Единственную пользу, которую бодхисаттва видит и извлекает из этого поступка, - это то, что это омрачённое существо избежало перерождения в аду.

Тот, кто говорит, что такой поступок бесполезен, - не является последователем махаяны.
Тот, кто говорит, что такой поступок невозможен, и на самом деле бодхисаттва подразумевал какие-то личные выгоды для себя или действовал в рамках неприязни, - не знает, что такое бодхичитта.

Этот поступок сродни заботы матери о своём ребёнке. Если мать понимает, что если она не найдёт средства для пропитания, то её ребёнок умрёт, - она может пойти на безнравственные поступки ради сохранения жизни своему ребёнку.
Бодхичитта - это такое отношения ко всем существам.
Так что можно сказать, что это поступок совершается из-за сильной любви. Но не к купцам, а к вору.

----------

Нико (22.04.2012), Пема Дролкар (24.04.2012)

----------


## Же Ка

> ...И у бодхисаттвы здесь единственная мотивация, которая и называется относительной бодхичиттой действия: *я буду страдать вместо него*. И в рамках этой мотивации он совершает свой поступок...
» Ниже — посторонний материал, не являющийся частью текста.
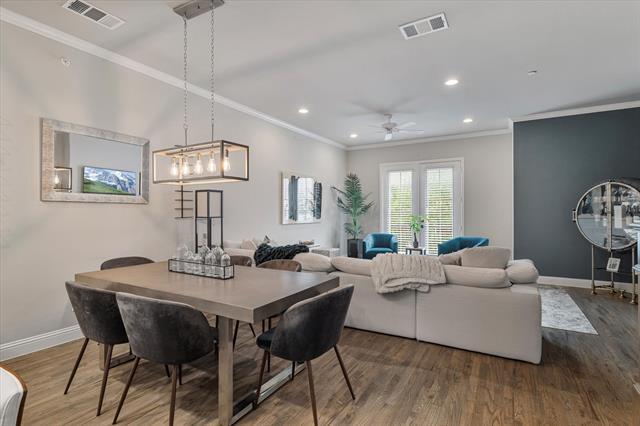 Stunning north-facing luxury townhome in the heart of Downtown Frisco! This move-in ready residence showcases a modern transitional design with a first-floor game room, bedroom, full bath, and utility room. The chef’s kitchen impresses with Quartz countertops, stainless steel appliances, gas range, built-in microwave, under-cabinet lighting, breakfast bar, and an oversized walk-in pantry. The spa-inspired primary suite features a deep freestanding tub, frameless shower, dual sinks, and a custom walk-in closet. Enjoy a sleek electric fireplace, balcony with French doors, two laundry rooms, 8-ft solid wood doors, and high-end finishes throughout—all just steps from Frisco Square’s shops, dining, entertainment, and with easy access to DNT and Toyota Stadium.
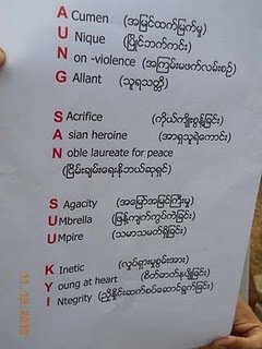 ျဖစ္သည္။ အတိ အက ်ဆို ရ လ ွ်င္ ၂၀၀၁ ခုႏွစ္ ဆန္းစ ေလာက္ တြင္ ျဖစ္ပါသည္။ Continue reading “ေဒၚေအာင္ဆန္းစုၾကည္ နဲ ့ ဗိုလ္ခ ် ဳပ္ ေတြ တစ္ခါ ေတြ ့ ရင္ ငါ့ မိန္းမ တစ္ခါ အ – ် ခံရ တာပဲ ။ ( True Story)”
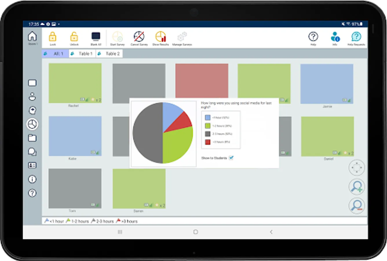 - Class Surveys: Teachers can conduct on-the-fly surveys to gauge student knowledge and understanding. Students are able to respond in real-time to the survey questions posed and the teacher can then show results to the whole class, enabling students to receive instant feedback on their progress.
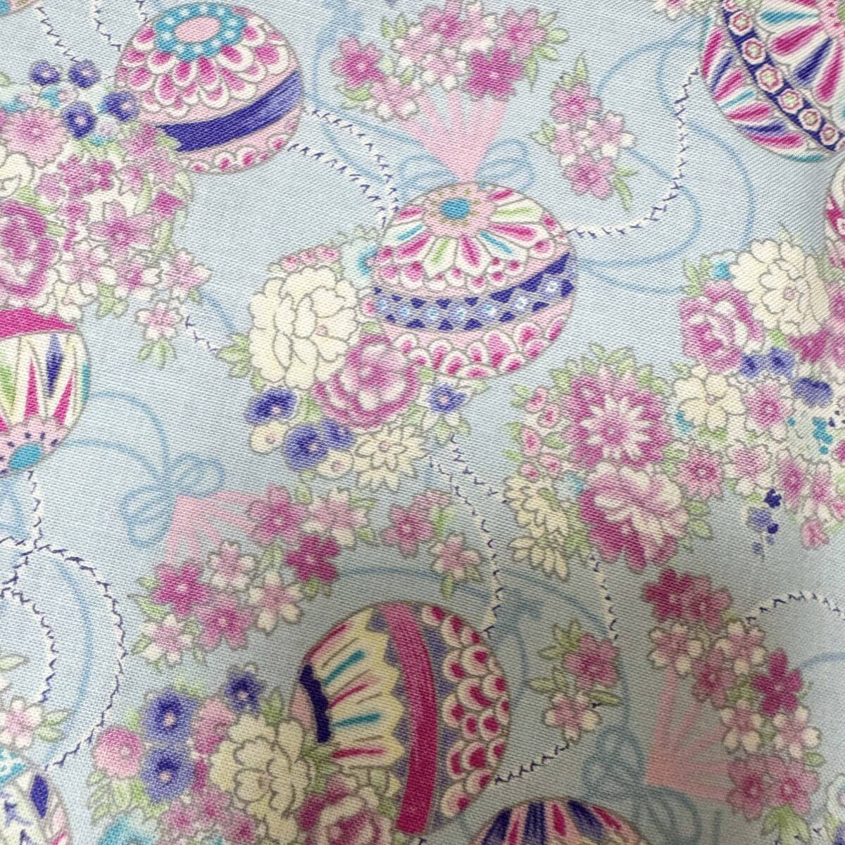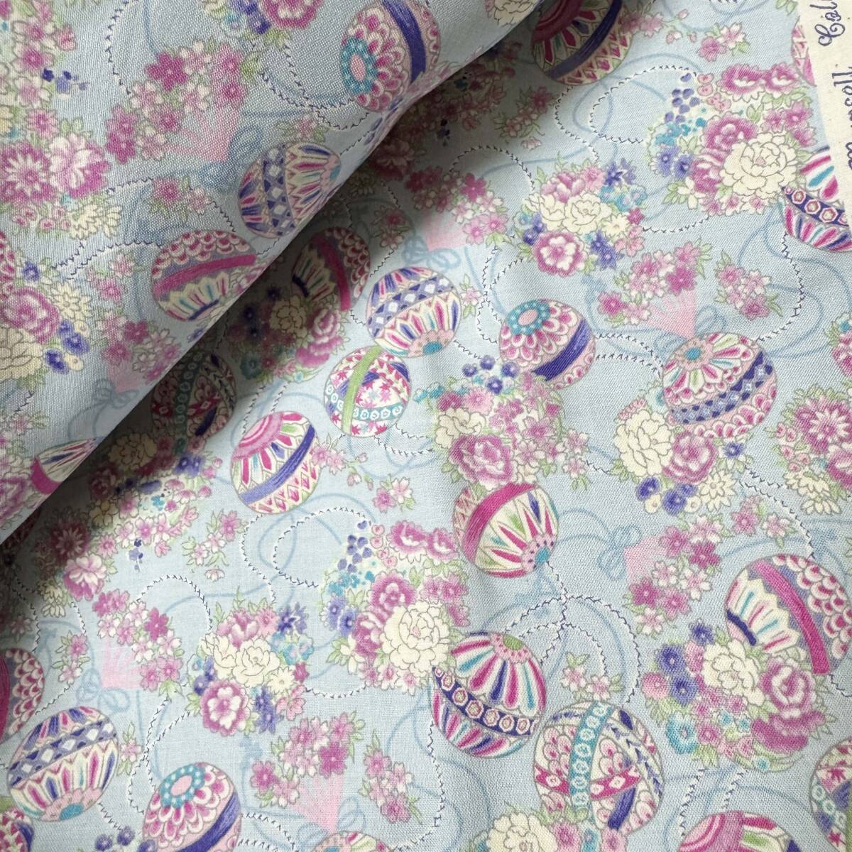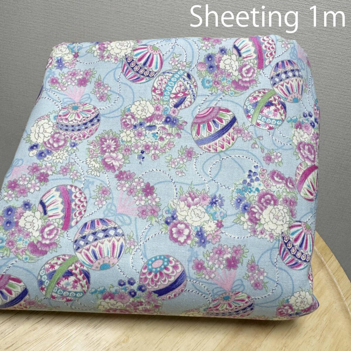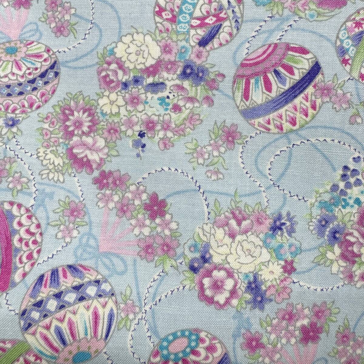 【特価】和モダン調★水色地に手毬と花柄★綿シーチング生地1m布はぎれ★和柄★和風

Еще лучше... так у него и омрачение "Я" в полной мере к тому же ещё присутствует + встоль явном виде (в таком ущербном, уничижительном варианте)... Вы точно о Бодхисаттвах здесь говорите? =)
з.ы. проскользнувший было здесь пример о прикрытии собой товарища на поле боя - ничего общего не имеет с такой мотивацией, ибо это спонтанное и совершенное проявление бодхичитты, не из за ущербности своего Я, а скорее из-за его отсутствия или прозрения в этом.
з.з.ы. Не подскажете - на каком бхуми открывается такое (описанное в том же примере) чистое видение будущего?  :Wink:

----------


## Greedy

> так у него и омрачение "Я" в полной мере к тому же ещё присутствует + встоль явном виде (в таком ущербном, уничижительном варианте)...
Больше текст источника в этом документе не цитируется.